In 1932 false arches were placed on the entrances into the city in preparation for the Eucharistic Congress which travelled the country. This arch was on Athlunkard Street with St Mary’s Cathedral visible in the background.
Dutch Billy style houses were a common feature in the Englishtown and Irishtown area. These were still visible c.1900 on Mary Street.
Mathew Bridge photographed approximately 1950, you can still see the houses on Merchant’s Quay, one of these houses was the home of Dr Sylvester O’Halloran.
Broad Street and John Street were the main streets of the Irishtown area of the city. This is one of the oldest streets in the city and even in the 1930s it was filled with traditional dress and transportation.

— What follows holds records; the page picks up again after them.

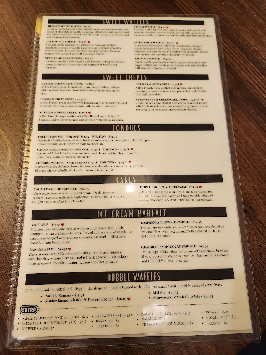 At Cacao 70 Eatery, located in the heart of Montreal, chocolate reigns supreme. This delightful eatery invites guests into a cozy ambiance, offering an extraordinary fusion of Mediterranean savory dishes and delectable chocolate-centered delights. Signature treats like the Choconut Waffle, drizzled with luscious melted chocolate, and rich hot chocolate prepared from melted chocolate are highlights that tantalize the taste buds. Customers rave about the warm, inviting atmosphere and exceptional service, making every visit a true indulgence. Whether you're savoring a luscious dessert or sharing a fondue plate, Cacao 70 Eatery is a must-visit for any chocolate lover longing for sweet escape.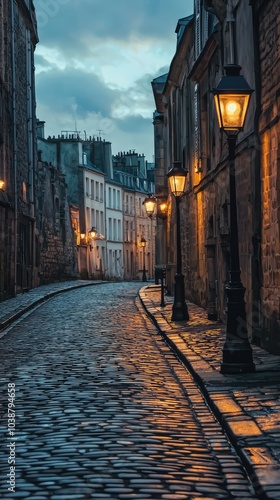 Fototapeta premium Vintage Cobblestone Street at Dusk with Lanterns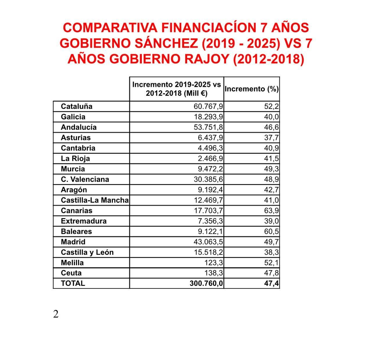 Andalucía. El gobierno de Juan Manuel Moreno Bonilla recibió más de 53.751,8 millones más de financiación extra desde 2019 (+46,6%). Y en 2026 recibirá 29.253 millones, las mayores entregas a cuenta de la historia y, sin embargo, uno de cada cuatro euros de su presupuesto ha sido destinado a otros fines distintos a los de sanidad o educación. Andalucía es, además, la comunidad con mayor tiempo de espera para recibir ayuda de dependencia. Sus listas de espera quirúrgica superan los 170 días de demora media.

c.1890 Arthur’s Quay was still used, as it had been for generations, for the loading and unloading of goods. When this practice ceased the quay was filled in and used as a carpark before being transformed into the park we see today.
The original Arthur’s Quay and Francis Street buildings still stood in the 1950s. Irwin Brothers owned the building at 22-23 Patrick Street which was used by the family for over 100 years until it’s closure in 2011.

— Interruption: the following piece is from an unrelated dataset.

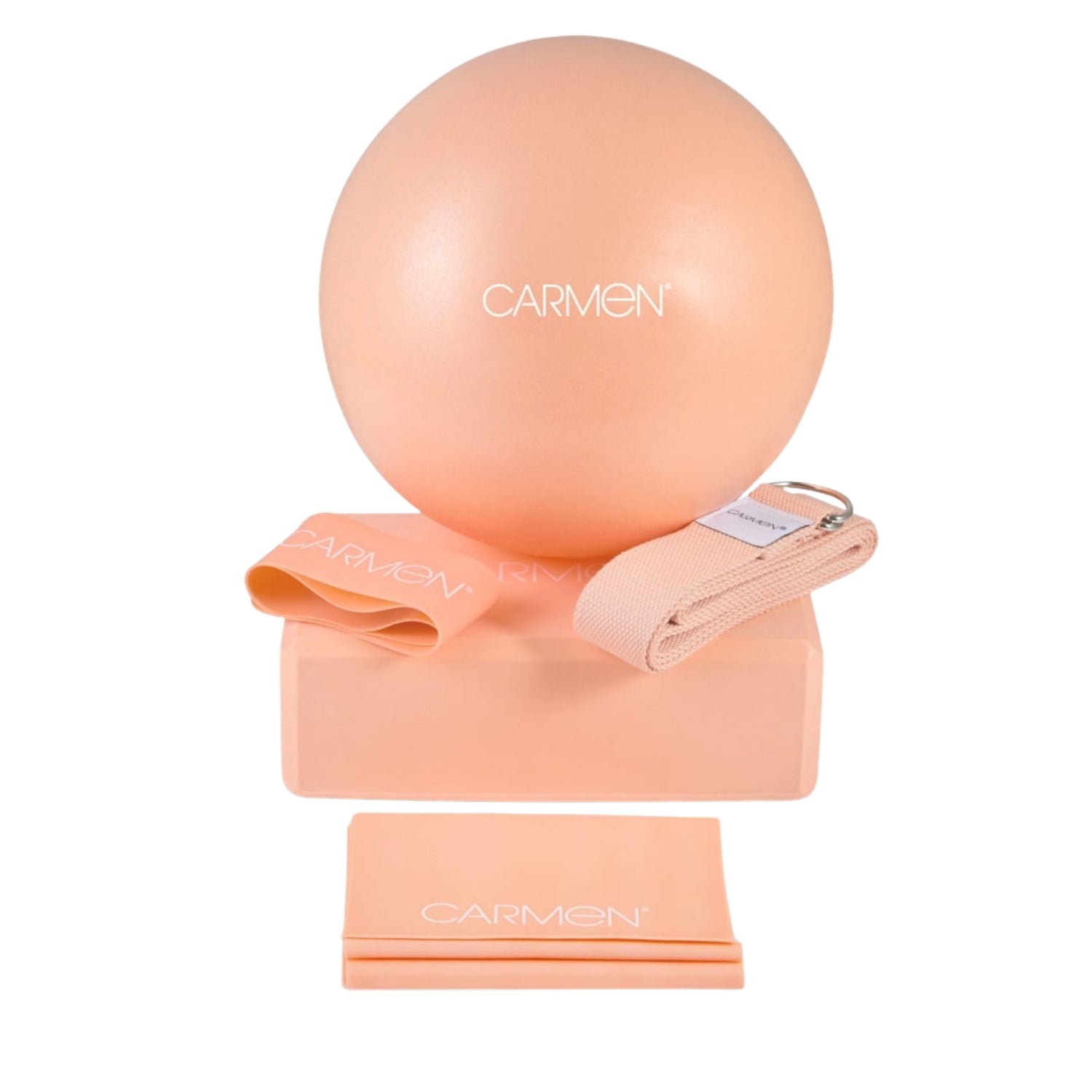 Begin your fitness journey with the Carmen 5-Piece Peach Yoga Starter Kit, a versatile set designed for both newcomers and seasoned practitioners. This all-in-one kit equips you with the tools to improve flexibility, strength, and balance.

At the turn of the last century the porch in front of the County Club encroached onto George’s Street. While straw hats were a popular fashion accessory of the day.
George Street now O’Connell Street (opposite to the image no.7). The shop frontages were far more ornate c.1900 and the group of boys seem to have been replaced with cars today.
This picture from the late 1960s show how quickly the streetscapes can change with the redevelopment of Arthur’s Quay in the background. The shop once called Gaywear is became A-wear (no longer trading as of end 2013).
Many of the shop names from the image of the late 1960s such as Newsoms, Bolgers and Boyds are still remembered today, though those businesses have long since closed.